What to do if I test positive for trichomoniasis?
- Start treatment as early as possible with antibiotics: if you’re allergic to certain antibiotics or are pregnant, it’s important to let your doctor know so that treatment can be adjusted to your personal needs.
- Notify your sexual partners: trichomoniasis can spread through sexual contact and often shows no symptoms. Notifying your sexual partners helps protect them and helps stop the parasite from spreading. It also decreases the chances of you getting reinfected by your sexual partner.
- Monitor the outcome of your treatment: your doctor will test you again after treatment to make sure that the parasite is gone and that you haven’t been reinfected. Once you’ve tested negative, you don’t have the parasite anymore, so you can’t infect others.
Can a man have trichomoniasis and test negative?
Diagnosing trichomoniasis in men is usually more difficult than it is in women. This is because men often don’t experience symptoms.
As they are less likely to experience symptoms, men often don’t get a trichomoniasis test done. It's important to note that even when there aren't any symptoms present, men can still develop complications from untreated trichomoniasis and infect others. 1
The parasite can be missed in men because they usually get tested with a trichomoniasis urine test. This is because a significant amount of the parasite must be present for the test to pick it up, and urine can be quite dilute. For that reason, it’s important to collect your sample in the morning, as the first urine of the day is less diluted and will have a higher probability of showing the parasite if it's present. 4
Trichomoniasis test FAQs
Q: Where can I get tested for trichomoniasis?
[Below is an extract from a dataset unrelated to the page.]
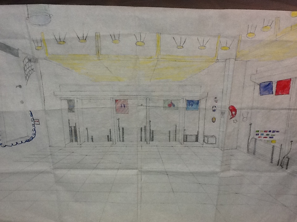 I think if I did the assignment again, I would definitely take more time to finish the actual drawing before doing all the details. I started drawing everything on the ceiling tiles before I finished drawing everything else, and it made it hard to finish at the end because I was running out of time. I would definitely need to use my time better, because it was really stressful at the end, especially because I had to color in the entire picture at the end. Coloring my drawings is usually not my style, so I just added a few bursts of color in certain areas such as the tables, stools and wall. I also added a small amount of color in certain ceiling tiles. I was actually pretty proud of the outcome.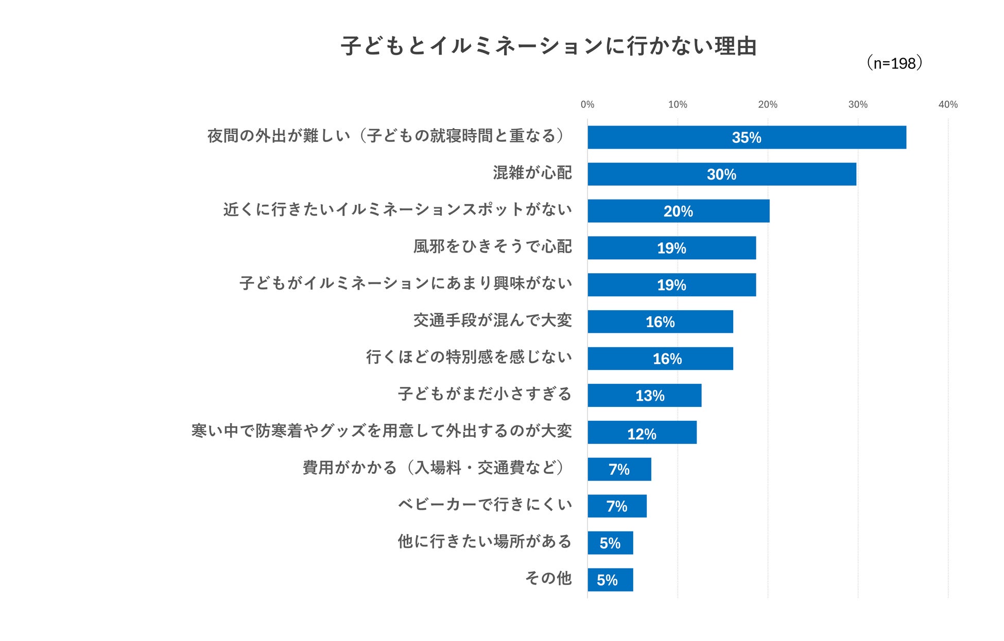最も多かったのは「夜間の外出が難しい(子どもの就寝時間と重なる)」で35% でした。イルミネーションは暗くなってからが本番のイベント。そのため、小さな子どもがいる家庭では、

A: You can get tested at your doctor's practice or a sexual health clinic or order a test kit online.
Q: How soon after a risk contact will a trichomoniasis test show positive?
A: All STDs have a window period, which means the period between being infected and the STD being visible on a test. For trichomoniasis, the window period is between 3 and 7 days.
Q: Is there a trichomoniasis test for home use?
A: Yes, you can take a trichomoniasis test at home or take it as part of a panel STD test.